The worth of such an approach can hardly be solidly proven by measurement, one way or another -- speed would be very similar to the current implicitly-copying approach; the advantage would come entirely in terms of reducing memory footprint, which wouldn't so much make any given Python code faster, but rather allow a certain program to execute on a machine with a bit less RAM, or multi-task better when several instances are being used at the same time in separate processes. See rope for a similar but richer approach once experimented with in the context of C++ (but note it didn't make it into the standard;-).
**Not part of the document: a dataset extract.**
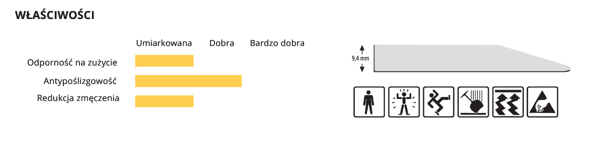 - Ergonomiczna, przeciwzmęczeniowa pianka winylowa zapewnia komfort i wsparcie oraz eliminuje ryzyko przesuwania się mat na gładkich powierzchniach podłóg

I haven't done any measurements either, but since it sounds like you're already taking a C approach to a problem in Python, you might want to take a look at Python's built-in mmap library:
Memory-mapped file objects behave like both strings and like file objects. Unlike normal string objects, however, these are mutable. You can use mmap objects in most places where strings are expected; for example, you can use the re module to search through a memory-mapped file. Since they’re mutable, you can change a single character by doing obj[index] = 'a', or change a substring by assigning to a slice: obj[i1:i2] = '...'. You can also read and write data starting at the current file position, and seek() through the file to different positions.
I'm not sure from your question if that's exactly what you're looking for. And it bears repeating that you need to take some measurements. Python's timeit library is the easy one to use, but there's also cProfile or hotshot, although hotshot is at risk of being removed from the standard library as I understand it.
Would slices be ineffective because they create copies of the source string? This may or may not be an issue. If it turns out to be an issue, would it not be possible to simply implement a "String view"; an object that has a reference to the source string and has a start and end point.. Upon access/iteration, it just reads from the source string.
premature optimization is the rool of all evil.
Prove to yourself that you really have a need to optimize code, then act.